→ Excerpted data
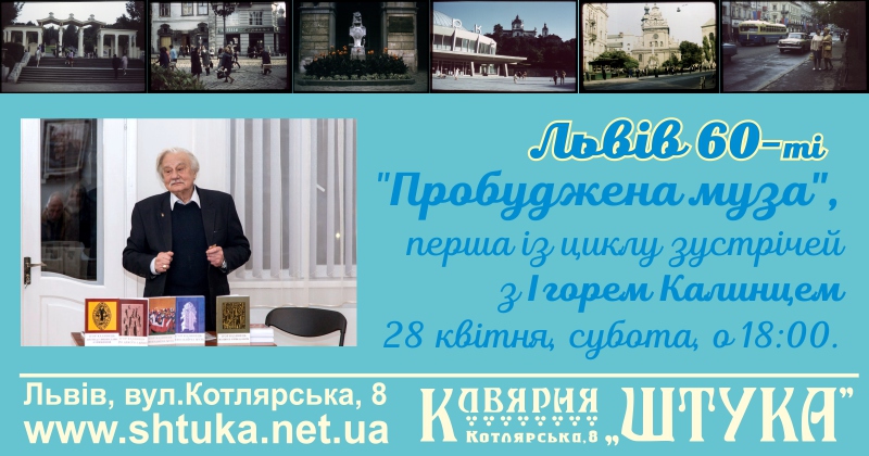 У суботу 28 квітня кав’ярня-галерея «Штука» (вул. Котлярська, 8 ) запрошує на першу із циклу зустрічей з поетом, дисидентом, громадським діячем і літературознавцем Ігорем Калинцем. Музичним доповненням вечора стане виступ Михайла Мануляка – композитора і засновника ВІА «Ватра». Початок о 18:00, вхід вільний.
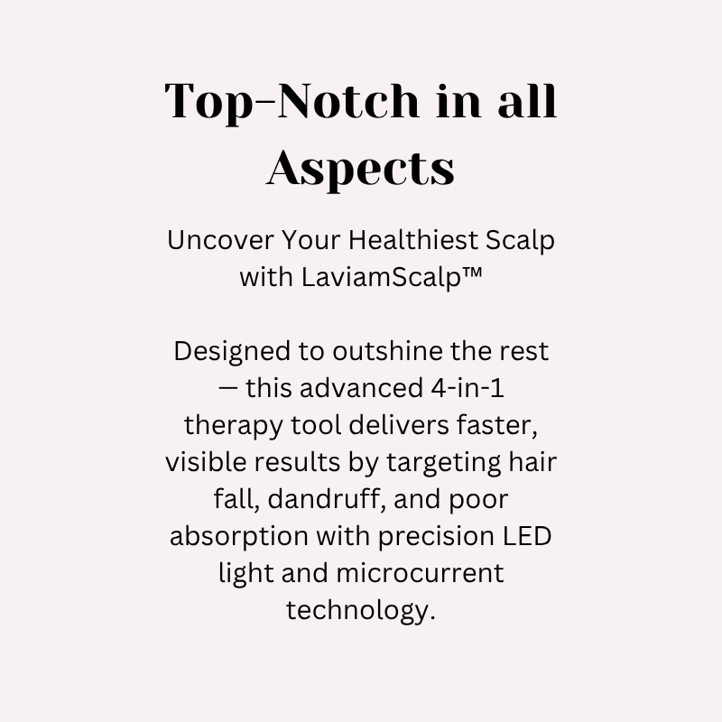 LaviamScalp™ is a 4-in-1 LED Hair & Scalp Massager designed to transform your hair care routine. It combines LED light therapy, EMS microcurrent, high-frequency vibration, and a smart liquid dispensing system to target common scalp concerns like hair thinning, dandruff, and excess oil.
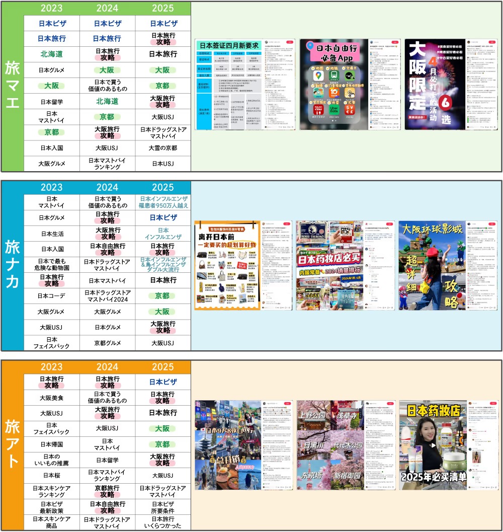During the "pre-trip" phase when travel preparations begin, visa procedures—essential for Chinese visitors entering Japan—remain consistently at the top. Additionally, broad information searches are conducted for place names like "Japan travel," "Osaka," and "Kyoto," or by adding "攻略" (a Japanese-derived word meaning 'tips' or 'guide' in Chinese travel contexts).While many Chinese travelers are repeat visitors, and it's said "it's no longer just Tokyo, Osaka, and Kyoto," these classic spots remain overwhelmingly popular overall.
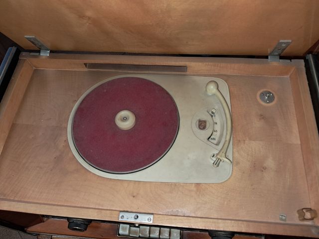 Detalles del productoUn clásico radio tocadiscos de la marca Philips, perfecto para los amantes de lo antiguo
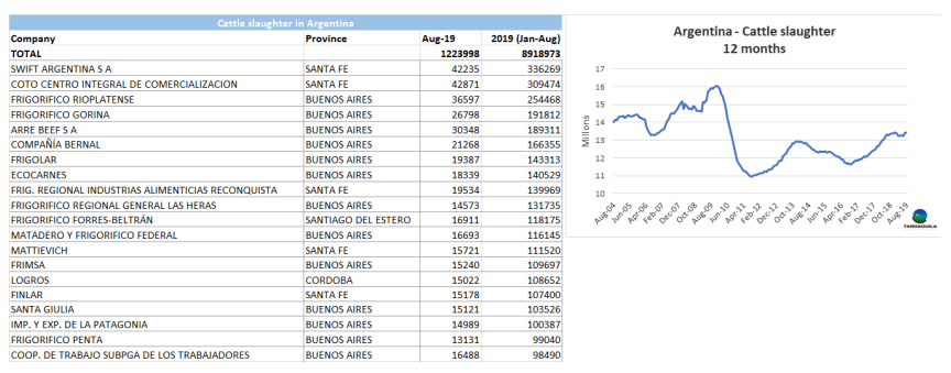 八月牛屠宰總量達122,3998頭,比去年略低,去年八月總屠宰量126,7176頭,創(chuàng)2009年清理存欄之后月屠宰總量最高紀錄。加上八月的數(shù)字,今年的前2/3屠宰總量增至891,8973頭。屠宰量按公司排名,Swift繼續(xù)領先,1-8月屠宰33,6269頭牛,其次是Coto超市連鎖店,30,9474頭,Rioplatense(25,4468頭),Gorina(19,1812頭)和ArreBeef(18,9311頭)。

→ Required action
Could you repeat every entry above exactly, with each picture omitted?

→ Expected output
 У суботу 28 квітня кав’ярня-галерея «Штука» (вул. Котлярська, 8 ) запрошує на першу із циклу зустрічей з поетом, дисидентом, громадським діячем і літературознавцем Ігорем Калинцем. Музичним доповненням вечора стане виступ Михайла Мануляка – композитора і засновника ВІА «Ватра». Початок о 18:00, вхід вільний.
 LaviamScalp™ is a 4-in-1 LED Hair & Scalp Massager designed to transform your hair care routine. It combines LED light therapy, EMS microcurrent, high-frequency vibration, and a smart liquid dispensing system to target common scalp concerns like hair thinning, dandruff, and excess oil.
During the "pre-trip" phase when travel preparations begin, visa procedures—essential for Chinese visitors entering Japan—remain consistently at the top. Additionally, broad information searches are conducted for place names like "Japan travel," "Osaka," and "Kyoto," or by adding "攻略" (a Japanese-derived word meaning 'tips' or 'guide' in Chinese travel contexts).While many Chinese travelers are repeat visitors, and it's said "it's no longer just Tokyo, Osaka, and Kyoto," these classic spots remain overwhelmingly popular overall.
 Detalles del productoUn clásico radio tocadiscos de la marca Philips, perfecto para los amantes de lo antiguo
 八月牛屠宰總量達122,3998頭,比去年略低,去年八月總屠宰量126,7176頭,創(chuàng)2009年清理存欄之后月屠宰總量最高紀錄。加上八月的數(shù)字,今年的前2/3屠宰總量增至891,8973頭。屠宰量按公司排名,Swift繼續(xù)領先,1-8月屠宰33,6269頭牛,其次是Coto超市連鎖店,30,9474頭,Rioplatense(25,4468頭),Gorina(19,1812頭)和ArreBeef(18,9311頭)。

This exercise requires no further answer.